Caris currently has two panels going through the PMA submission process with the US Food and Drug Administration. The first, MI Transcriptome, received breakthrough device designation from the FDA in May and is awaiting approval. This panel can detect fusions independent of the DNA breakpoints and can detect rare or novel fusion events better than targeted sequencing of DNA-based shot-read methods, the company said. 

The second, MI Exome, is planned for submission in the first quarter of this year. This assay can detect SNPs, indels, copy number changes, and fusions with a depth of coverage of 200x to 500x and with the ability to modulate depth of coverage on a specific gene level.

The company is also rolling out Caris MI AI — "molecular artificial intelligence" that uses machine learning from combined molecular and clinical data to create molecular signatures for cancer diagnosis and to predict patient treatment response. The company has already shown the feasibility of therapy prediction with this technology by showing internally that an algorithm designed to predict colorectal cancer patients benefit from FOLFOX chemotherapy increased overall survival by 50 percent. 

Spetzler noted that this is only the first version of Caris MI AI built with the core 592-gene assay, and that it will get better with deployment of whole-transcriptome and whole-exome data. "More data generates greater clinical utility," Spetzler said.
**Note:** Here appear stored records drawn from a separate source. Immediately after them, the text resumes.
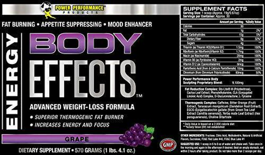 Power Performance Products Body Effects Pre Workout Supplement, Grape, 570 Grams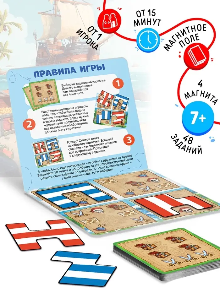 Магнитная игра-головоломка «Пиратский остров», 48 карт, 4 детали, 7+
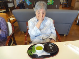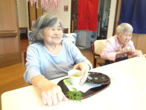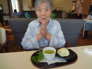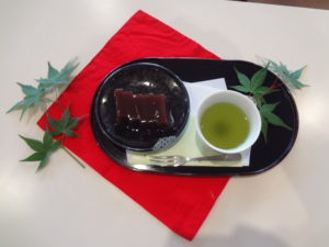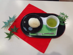 普段のおやつとはちょっと雰囲気を変えて、新緑のもみじをあしらってみました。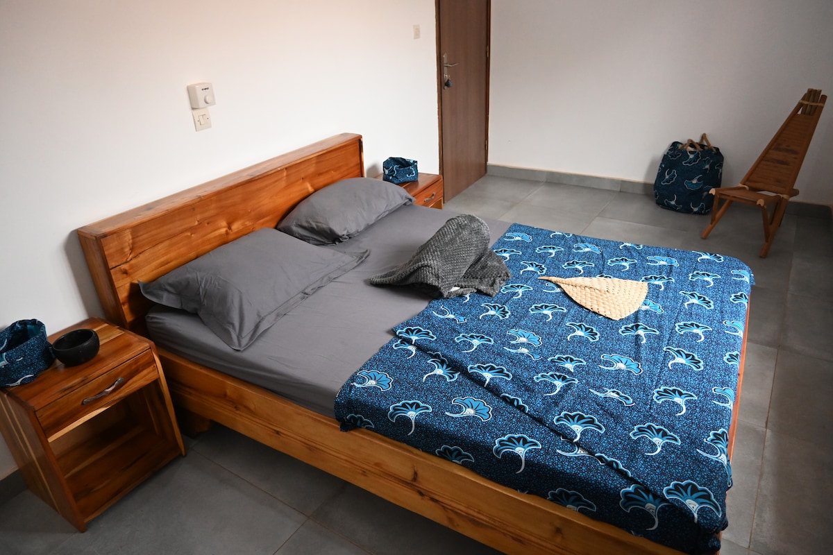 Nature lovers or couples wanting to escape city stress: come spend time by the lake near a sprawling 2.5 acres of lush greenery. Glamping Lakeview Ouidah is your dream getaway. The space holds two tents (Tente Aigrette and Tente Tourterelle) that overlook lake Toho and a vast green space. This listing is for Tente Tourterelle. For more than 2 people, you have to rent both tents. The tent is housed under a large straw hut on wooden stilts. Furnished terrace, modern bathroom, toilet, and kitchen.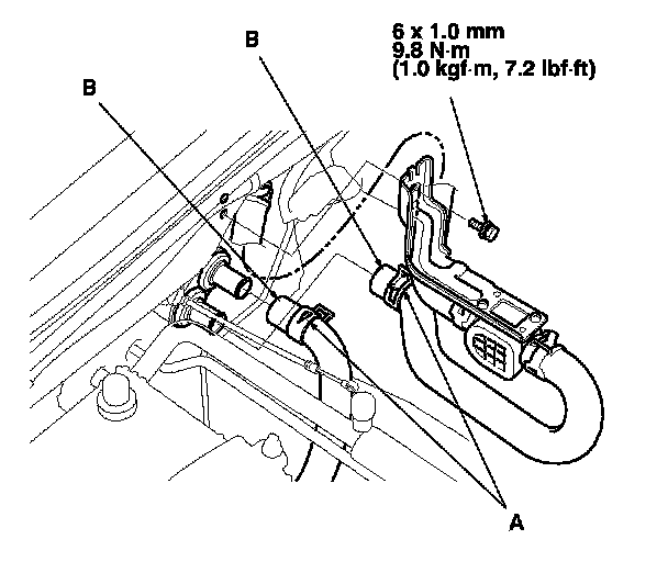 5. Remove the mounting bolt from the heater valve. Slide the clamps (A) back, then disconnect the inlet and outlet heater hoses (B) from the heater unit. Engine coolant will run out when the hoses are disconnected; drain it into a clean drip pan. Be sure not to let coolant spill on the electrical parts or the painted surfaces. If any coolant spills, rinse it off immediately.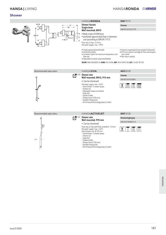 • Ø 35 mm ceramic cartridge for flow and tempera-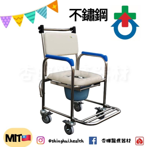 ❰免運❱ 杏華 ST020-23B 不鏽鋼 附輪便器椅 不鏽鋼 便盆椅 洗澡椅 沐浴椅 銀髮 輔具 不銹鋼 ✅實體店面 ✅原廠公司貨 ✅合法藥商許可 不可收合、固手、專利橫推把 展開:深80*寬58*高95cm 扶手至扶手內徑:45cm / 外徑: 55cm 含坐墊離地面:50cm 坐墊離扶手:19cm / 坐墊離背:40cm 坐墊離踏板:33cm 桶架離地面:38cm / 桶底離地面:25cm 重量:9.2kg / 最大承重:90kg內 台灣製造 製造日期:詳見外包裝 貨源:公司貨 便器椅 軟背 主體材質: 不鏽鋼 配件材質: PVC塑膠 ** 此商品為軟背 **  1. 材質: 主體為一吋不銹鋼(材質304)  2. 其他說明: ◎腳墊使用TPR環保可回收材質,符合環保愛地球 ◎坐墊符合: CE低毒標準EN-71 Part3 合格測試NO: Q00028717a001 ◎腳管具有排水功能 ◎專利後踏桿(專利證號:新型第M419530) ◎專業後推把(專利證號:新型第M419530號) ◎專利掀手(專利證號:新型第M415701號、專利證號:新型第M419530C號) ◎專利前踏板(專利證號:新型第M426400號) 【販賣藥商許可執照】 ✔️販售業者資料: ✔️許可證字號:雲縣藥販 字第6239012863號 ✔️公司名稱:杏暉醫療器材行 ✔️地址:雲林縣斗六市雲林路二段623號 ✔️諮詢專線:05-5370788 📍服務時間:週一至六8:30-17:00  📍消費者使用前應詳閱產品說明書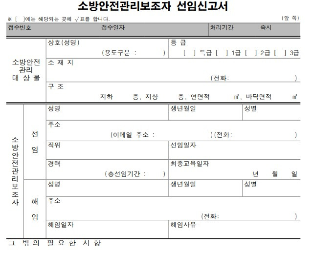 소방보조자를 선임하기 위해서는 '소방안전관리보조자 선임신고서'를 작성해야 합니다. 이 신고서에는 선임자의 이름, 연락처, 자격증 정보, 선임 기간 등을 기입해야 하며, 서명란도 포함되어 있습니다. 신고서 양식은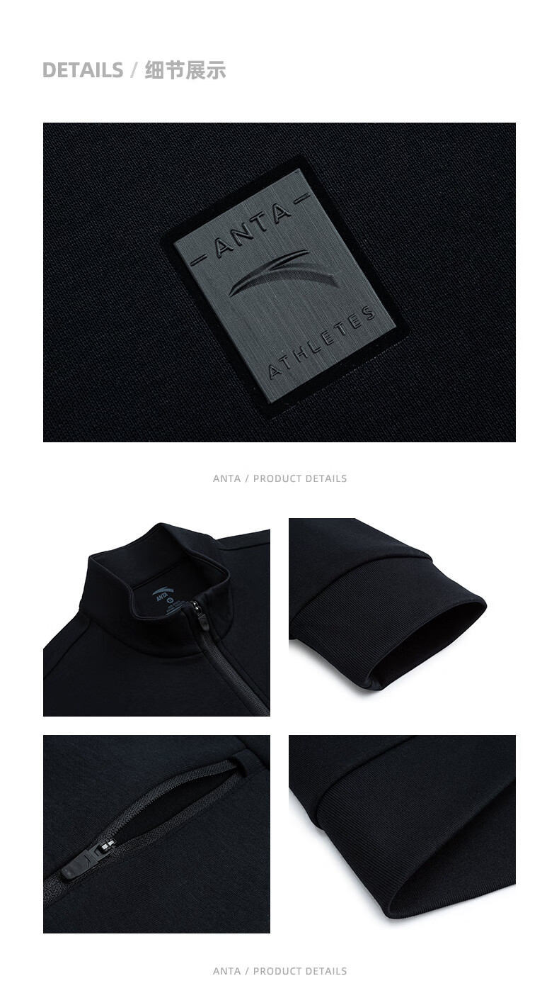 安踏(ANTA)针织运动外套男2024秋冬季新款立领开衫夹克训练上衣152447731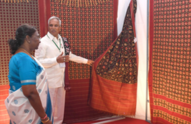 President Murmu, who is staying at Rashtrapati Nilayam in Hyderabad as part of annual southern sojourn, reached Pochampally by a helicopter.
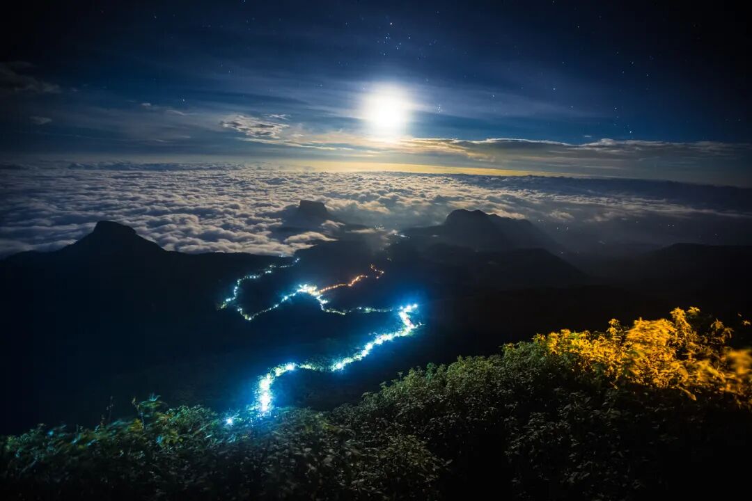 在岛的中部,高大威严的亚当峰在这里耸立。亚当峰高2243米,呈独特的圆锥形,高大挺拔,山势险峻,景色秀丽,同时也是著名的朝觐圣地。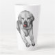 Reiche Graustufen-Schattierung umrahmt ein ernstes Gesicht, das von einer plötzlichen roten Zunge gebrochen wird - gleicht treuen und schelenden Teilen. Ein spielerischer Start in den kürbisgewürzten Morgen.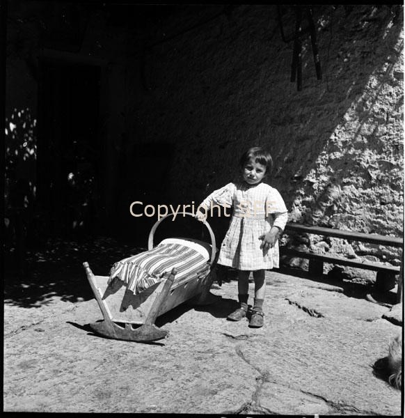Bambina in posa accanto a una culla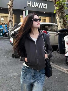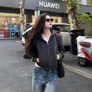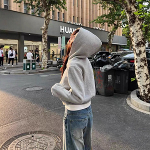 重磅400G美式街头短款开衫连帽卫衣女ins潮流挺括帽衫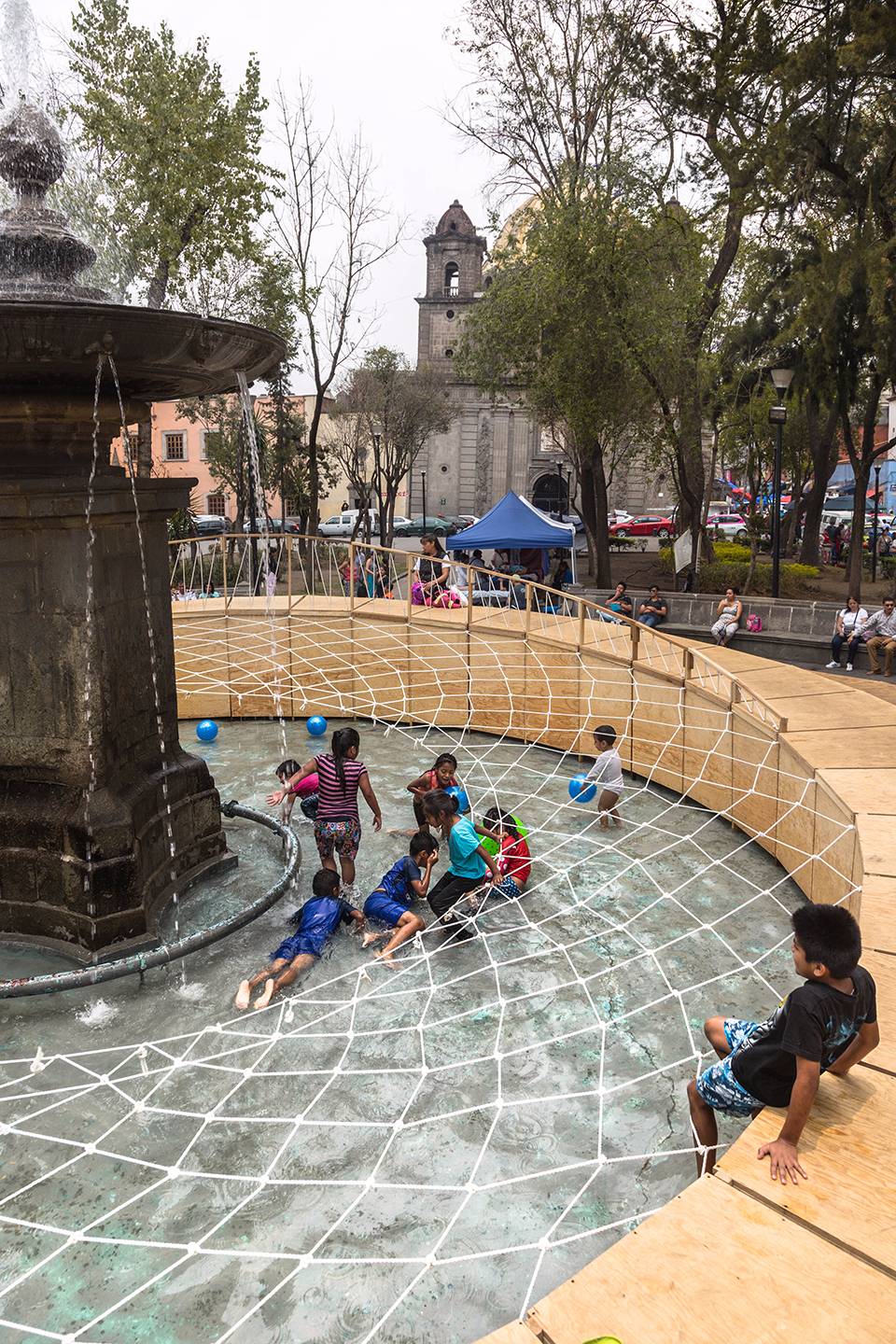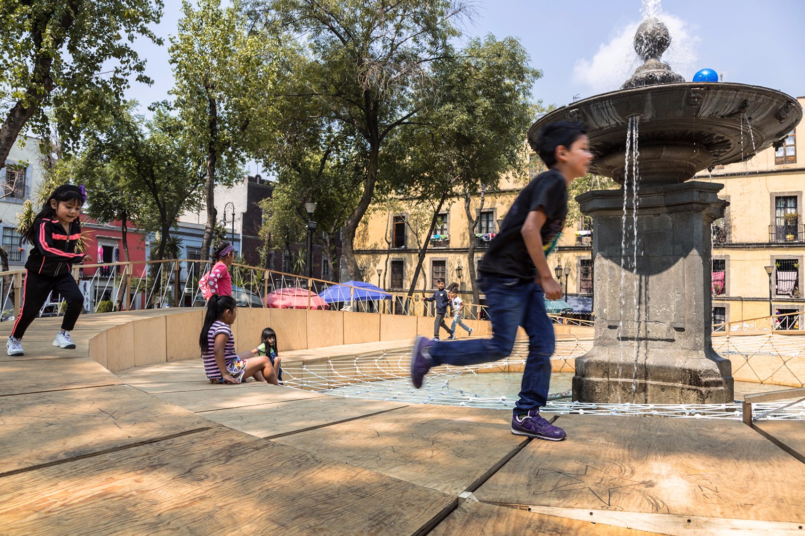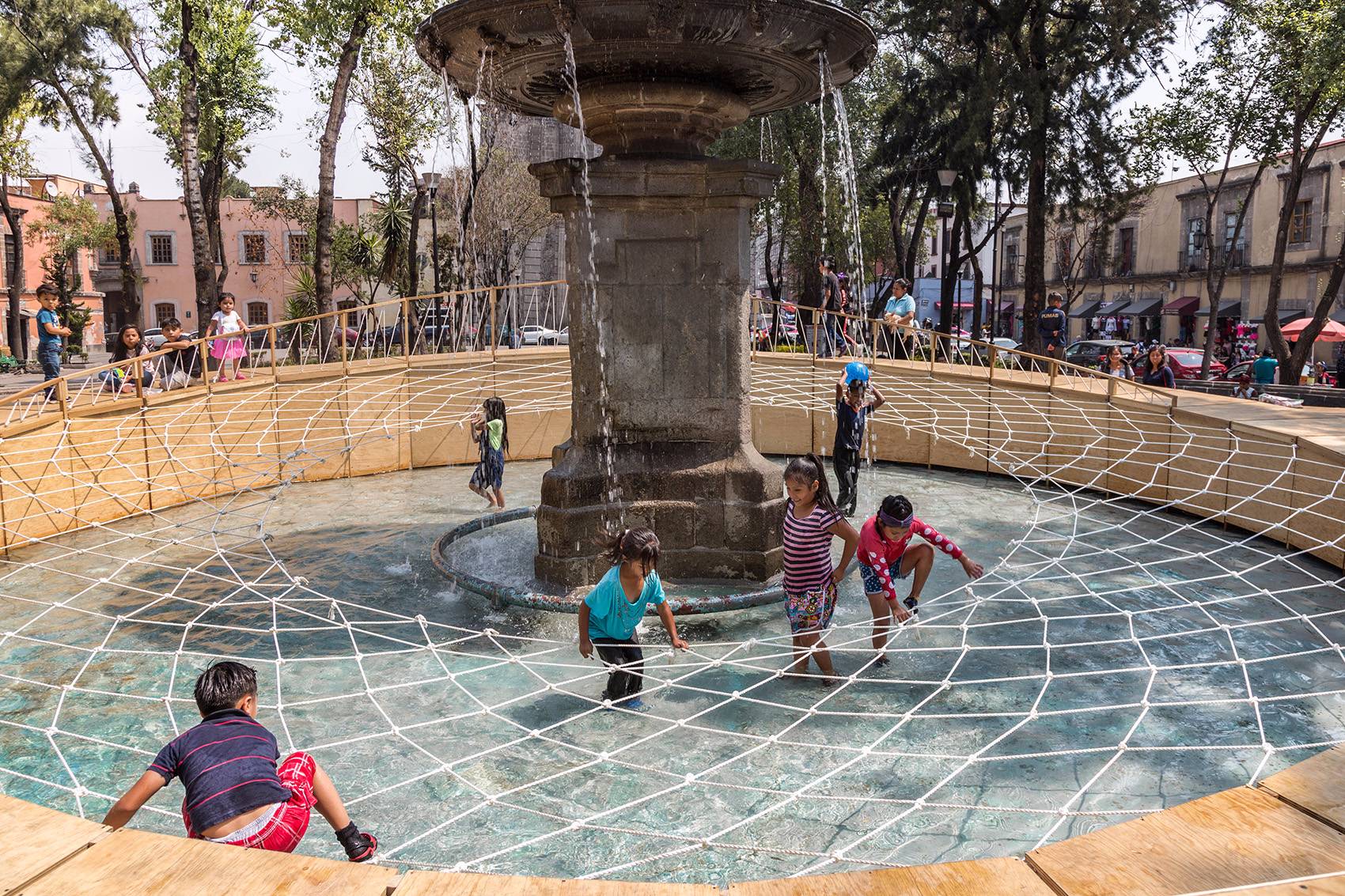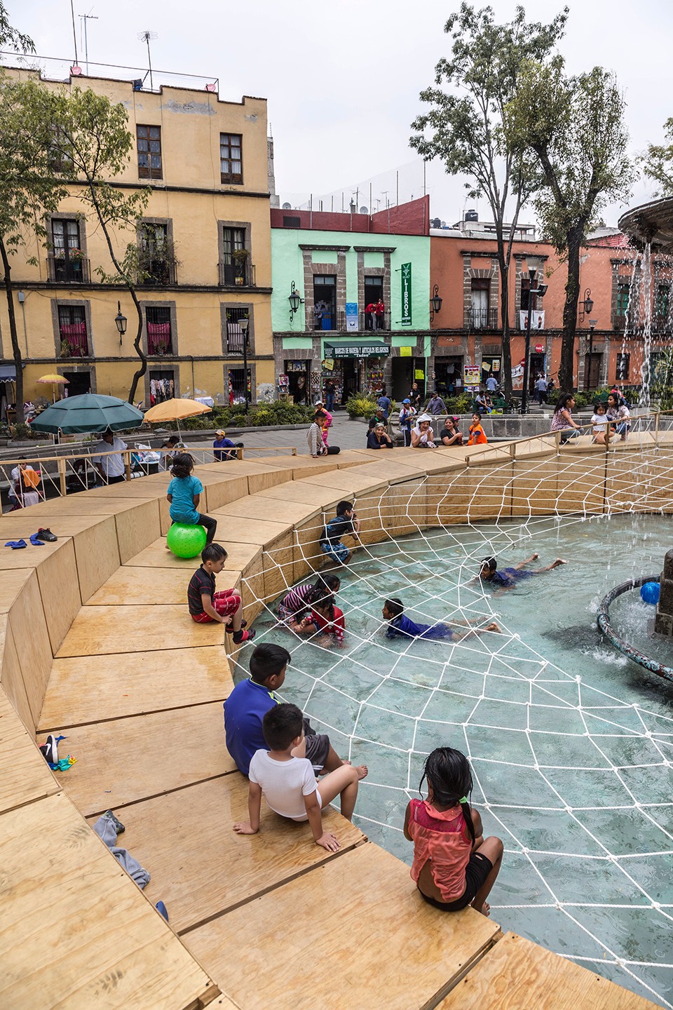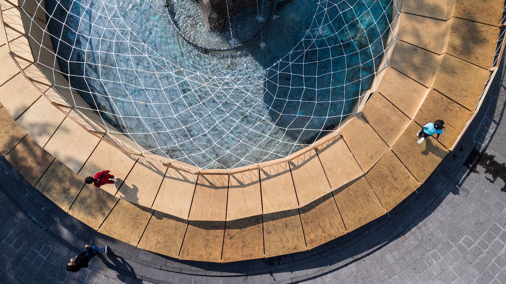 設(shè)計師將游戲場地設(shè)置在標(biāo)志性的廣場噴泉周圍,以避免對廣場上的交通和日?;顒有纬勺璧K。設(shè)計師利用廣場上既有的長椅等元素創(chuàng)造了一個安全而獨特的環(huán)境,孩子們可以在這里自由地嬉戲和探索。設(shè)計圍繞不同的游戲類型構(gòu)建出了一個適合兒童玩耍的物理空間。兩個圓環(huán)狀的坡地以同心圓的形式放置,帶來有趣的水平變化。水池上的織網(wǎng)在鼓勵互動游戲的同時還起到了保障安全的作用。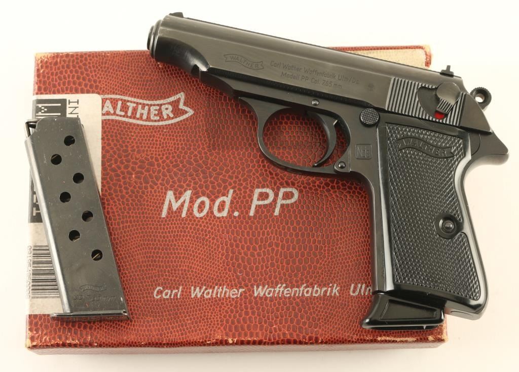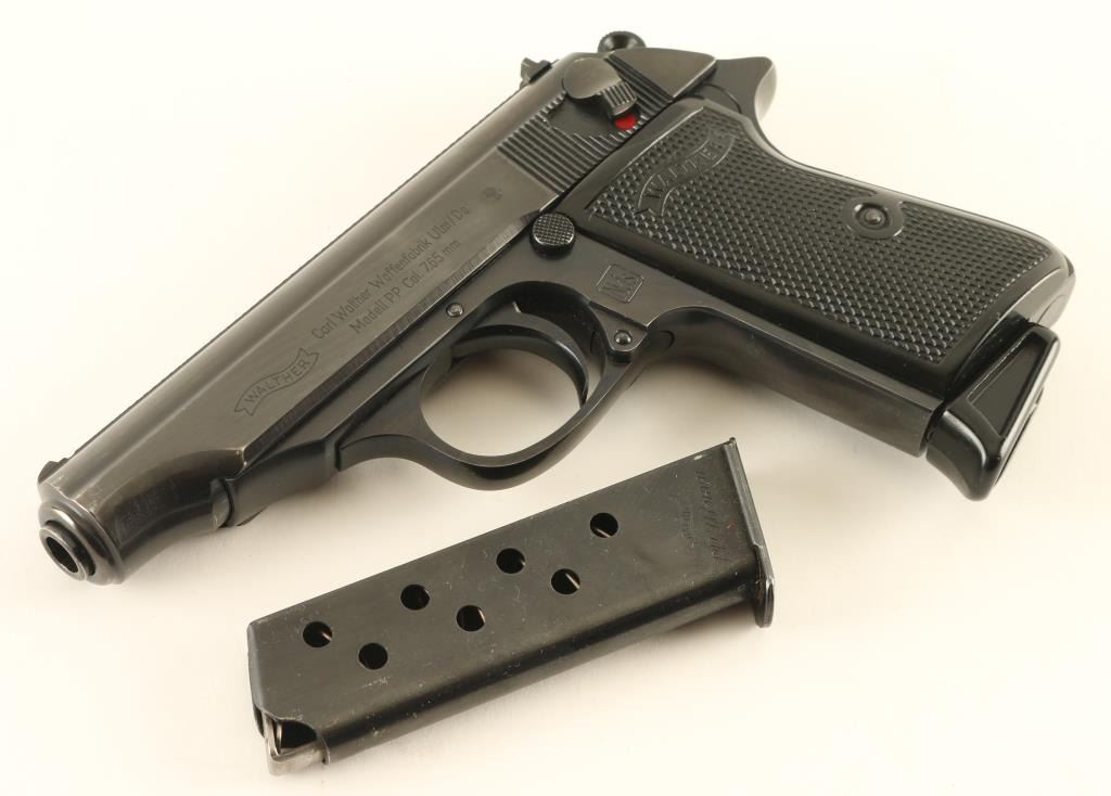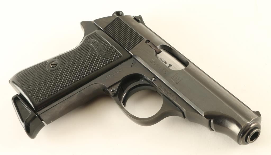 German semiautomatic pistol, imported by Interarms,Alexandria VA. Niedersachsen State Police marked, manufactured circa 1966. Features blued finish, checkered black plastic Walther banner grips, 3.8" barrel, fixed sights, double/single action, slide mounted decocker safety, pushbutton magazine release. Bore is very good or better. Retains 90% blue, with bare metal visible near muzzle, small spot on left side of frame, on sharp edges. Grips are excellent. Numbers match on frame & slide. Includes (1) flat bottom and (1) finger rest magazine, manual, good condition Walther cardboard box. Condition is NRA Very Good ++ *** C&R Firearm ***
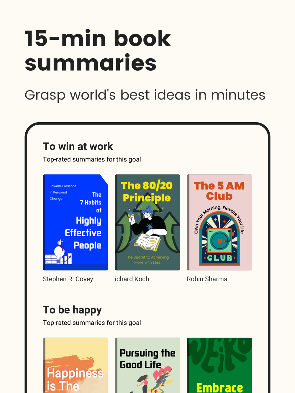 * 20+ categories: self-growth, business & money, productivity, happiness, health, family, etc.

Other offerings in Caris' development pipeline include liquid biopsy tests: Carisome Liquid Profiling Circulating Exome Assay for therapy selection (launching in 2020); Carisome Blood-Based Dx, a circulating exome assay intended to provide comprehensive molecular profiling for blood-based diagnostics (2021); and Carisome MRD and Monitoring, a circulating exome assay for minimal residual disease assessment and monitoring.

These assays will all leverage a proprietary cell-free DNA isolation method that delivers 30 to 120 ng of testable material across 100 percent of patients. In general, Spetzler said, most other methods are only able to find cfDNA in about 60 percent of late-stage cancer patients. Spetzler also said the company is seeing above 90 percent concordance back to tissue in early studies.

To prep for the many new technologies and additional testing it will bring, the company has been growing its installation of Illumina NovaSeq systems and plans to open three new precision medicine laboratories: an R&D lab in Phoenix, Arizona; an adjacent clinical lab in Phoenix; and a blood lab in Irving, Texas.

Caris logged about $140 million in revenues in 2019 with 52 percent year over year test volume growth. In 2020, the company is expecting revenues of about $200 million. The company is also very upbeat about its payor relationships, having established 57 in-network contracts covering about 184 million lives.